Union President Bob McDevitt, who was the last one handcuffed, and the others driven away in an Atlantic County Sheriff’s bus set themselves apart by wearing neon green shirts. McDevitt said he ran background checks on union members who volunteered to be arrested to prevent complications and also met in advance with city officials.
Each person arrested was charged with two disorderly persons offenses: One for obstructing a highway and the other for refusing to obey an official request or order to move. Everyone was processed in about an hour on a summons to appear in municipal court. At that time, a fine will be assessed with a maximum of $500 per person or a maximum imprisonment of 30 days in jail.
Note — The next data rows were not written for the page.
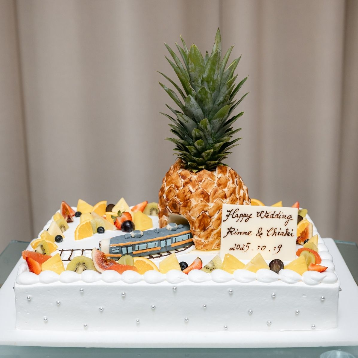 新婦が大好きなパイナップルと新郎が大好きな電車をかけあわせました!🍍🚃
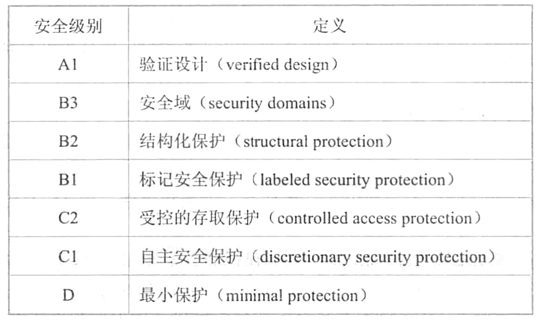 TCSEC/TDI将系统划分为4组(division)7个等级,依次是D、C(C1,C2)、B(B1,B2,B3)、A(A1),按系统可靠或可信程度逐渐增高,如下表所示:
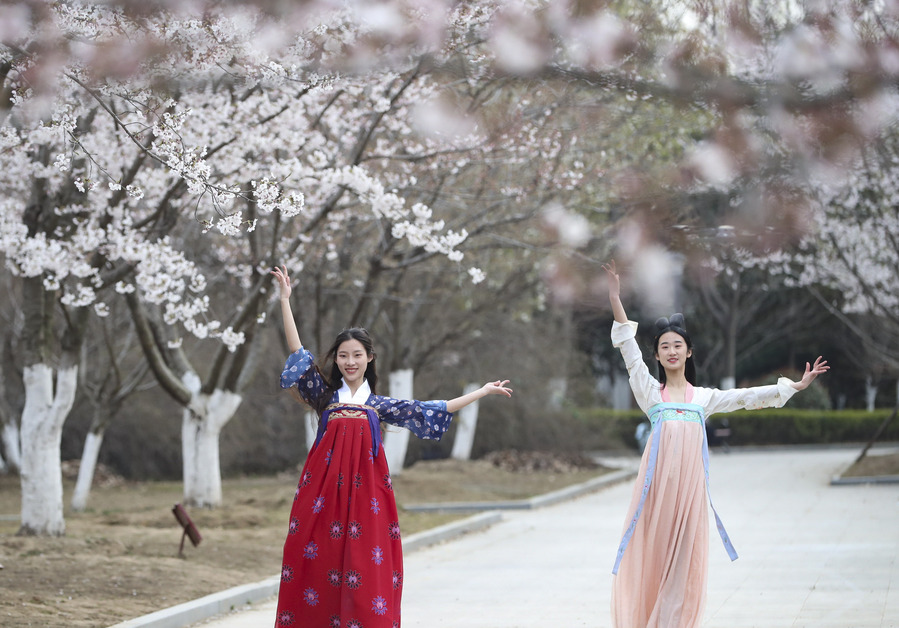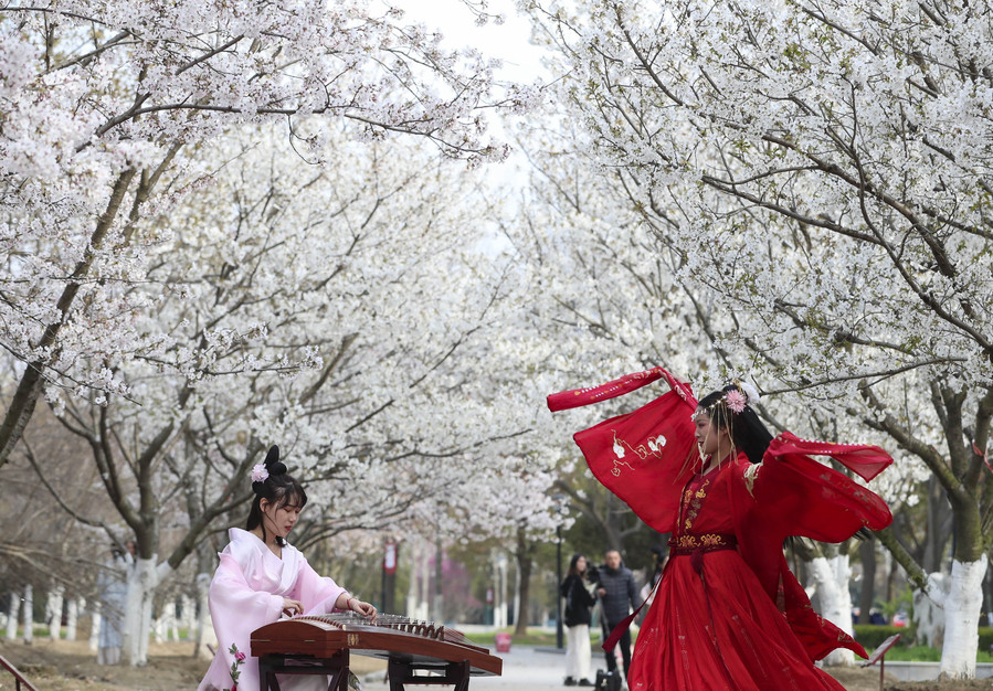 ↑2021年3月23日,在江苏省淮安市BBV电子·(中国)网站,同学们在樱花下表演节目。CICPHOTO/赵启瑞 摄
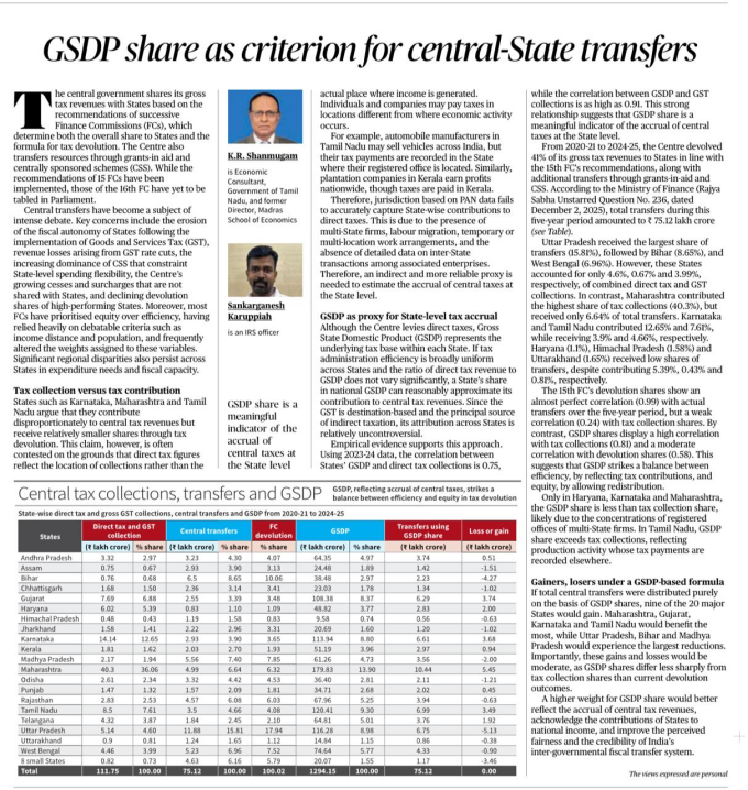 | 2. | GSDP share as criterion for central-State transfers | |
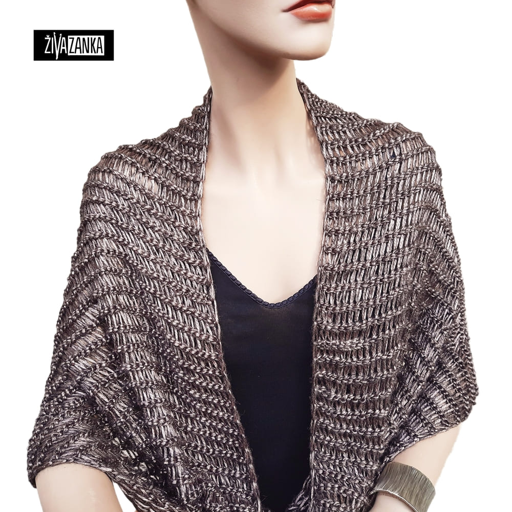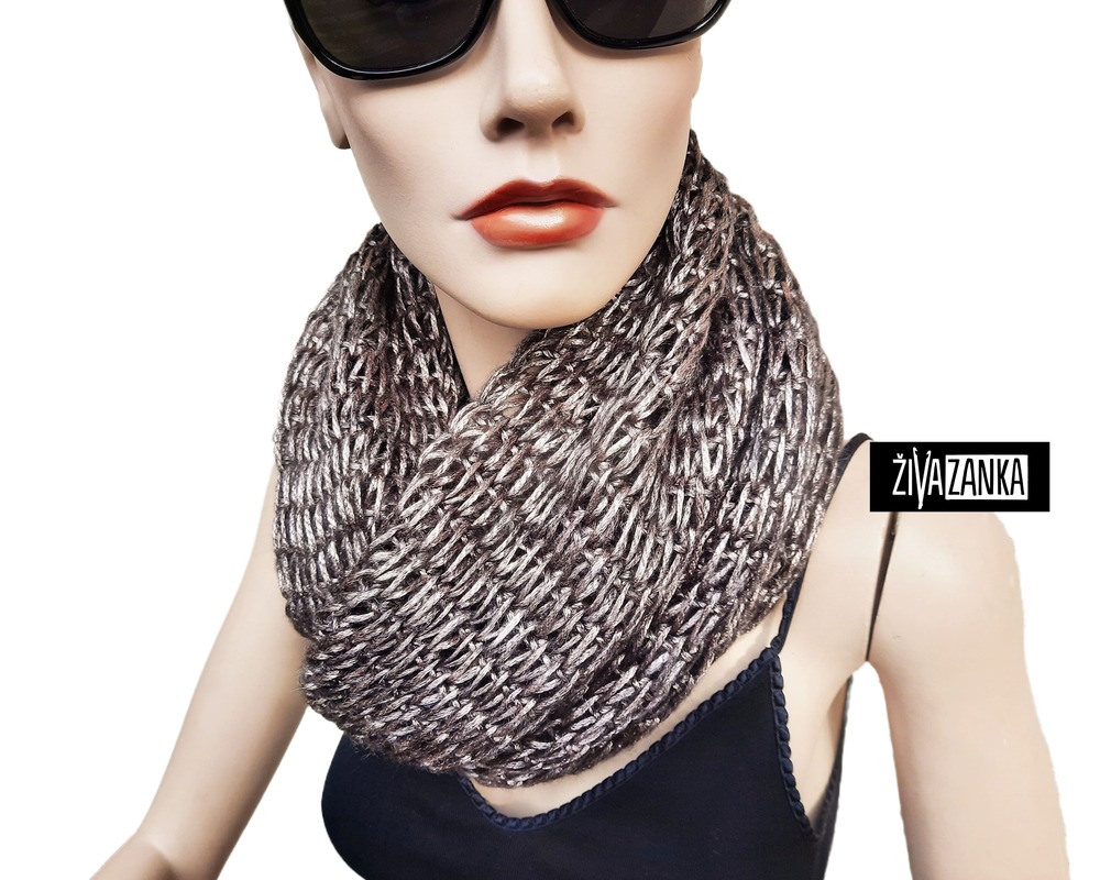 This is a 2in1 type of infinity scarf with two different looks depending on which side you turn it. It is wearable in several ways, indoors and outdoors, during the day and in the evening. You can wrap it around your shoulders, tie it around your neck once or twice (depending on the warmth you want), or you can also stretch it over your head as a hooded cowl. It is very soft, comfy and lightweight.
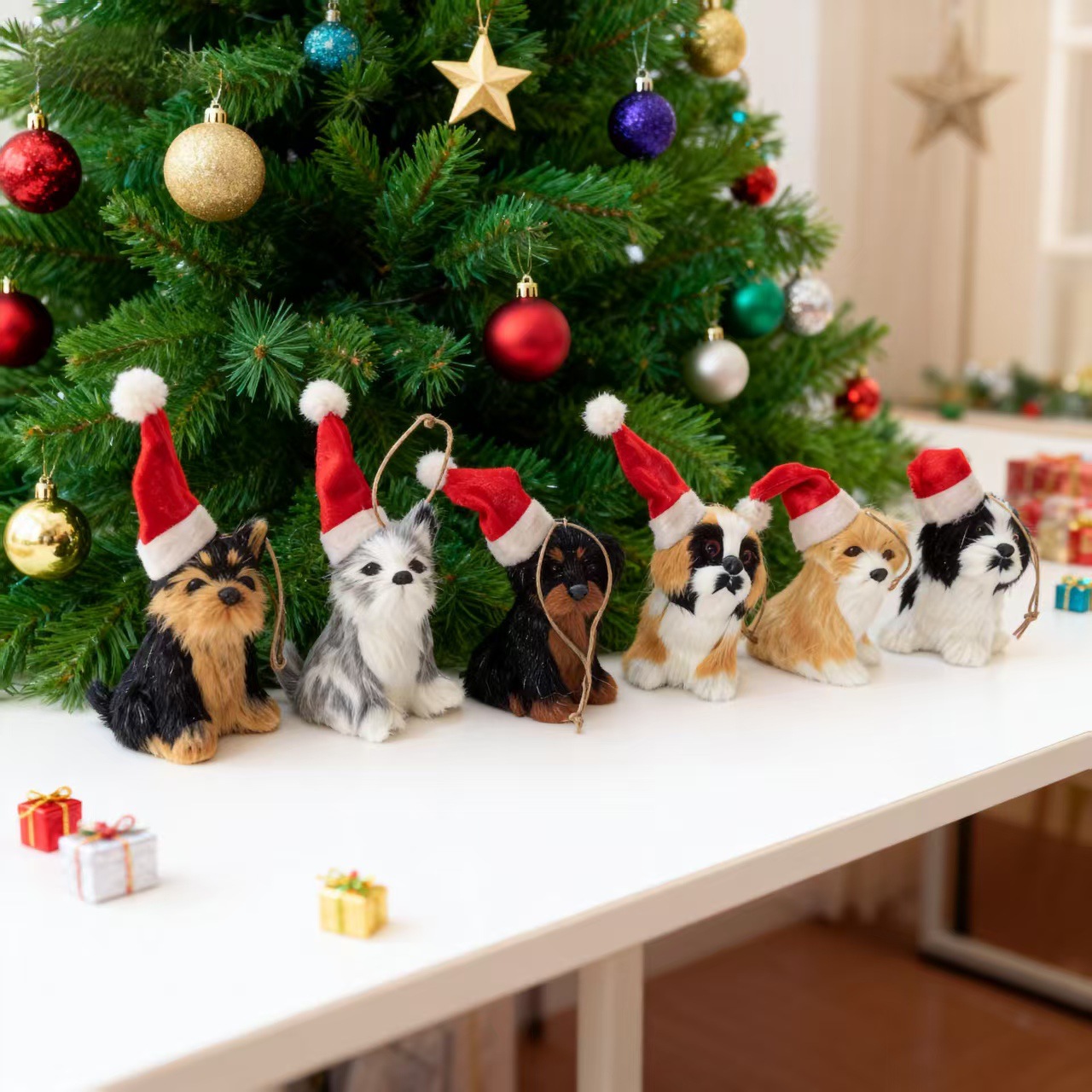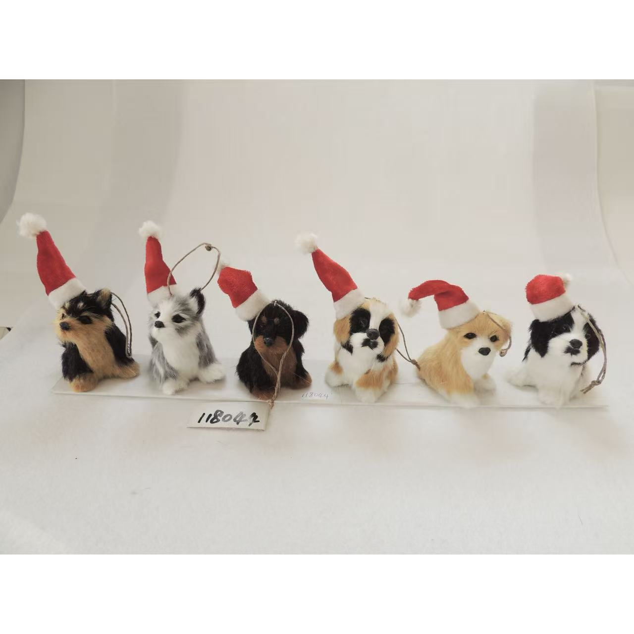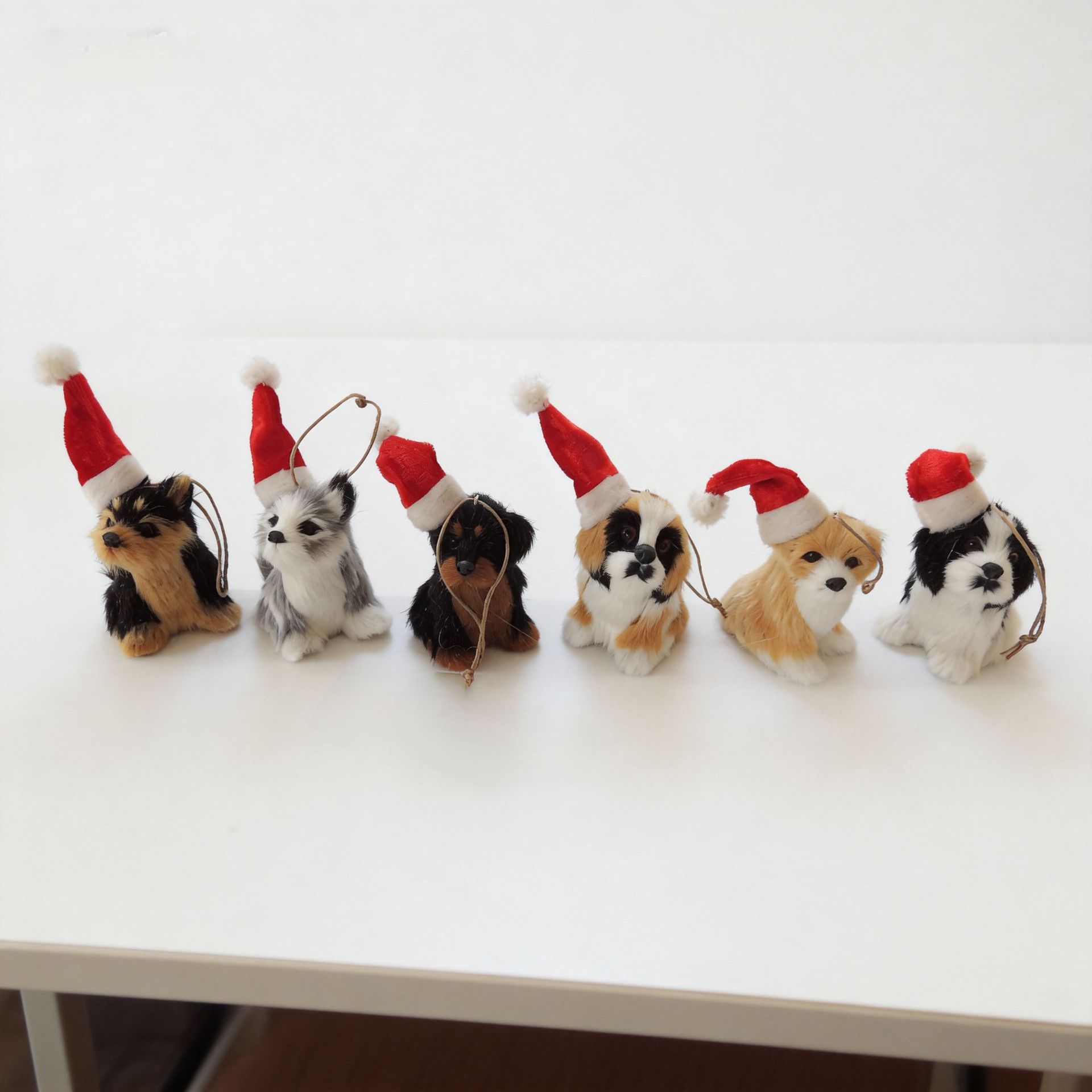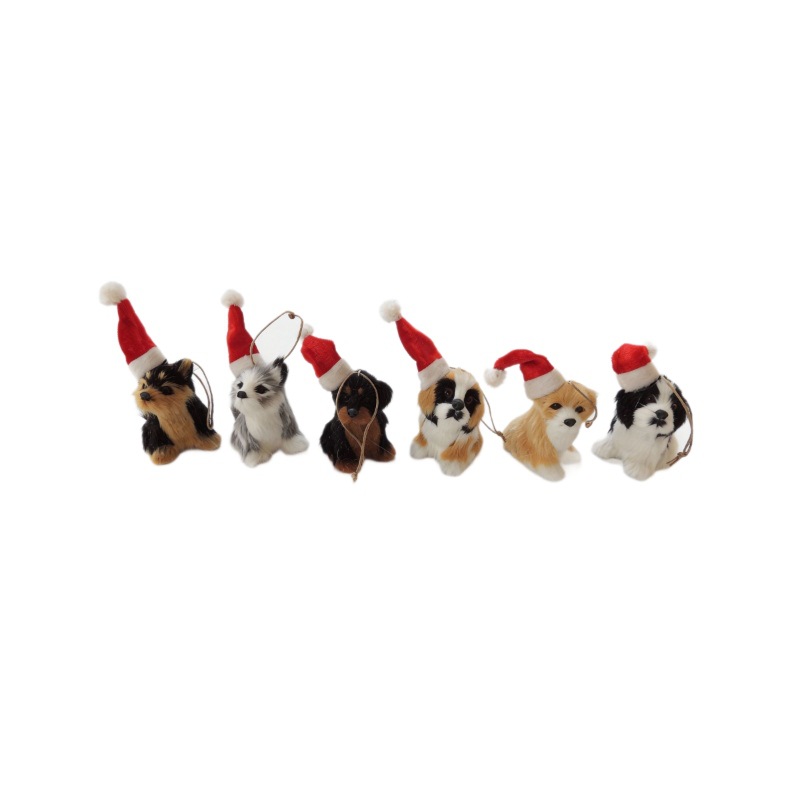 仿真毛绒小动物可爱圣诞帽小狗挂件圣诞吊饰装饰桌面摆件礼品

The rally, which started at 5 p.m. on the Boardwalk on the opposite side of the casino, broke up around 7 p.m. That’s when Phish was scheduled to start the first of three performances this weekend at Bader Field. McDevitt said the concert didn’t play a role scheduling the event, but that he believes the presence of additional people can only be beneficial to the union’s cause.
City officials said the demonstration did not significantly affect traffic already congested due to the concert.
But Rodio criticized Local 54’s timing. “Atlantic City is in critical condition and at a crossroads,” Rodio said. “But … Local 54 continues to engage in tactics that drive business away from Atlantic City precisely at a time when all of Atlantic City leadership should be coming together to create a positive environment for our guests.”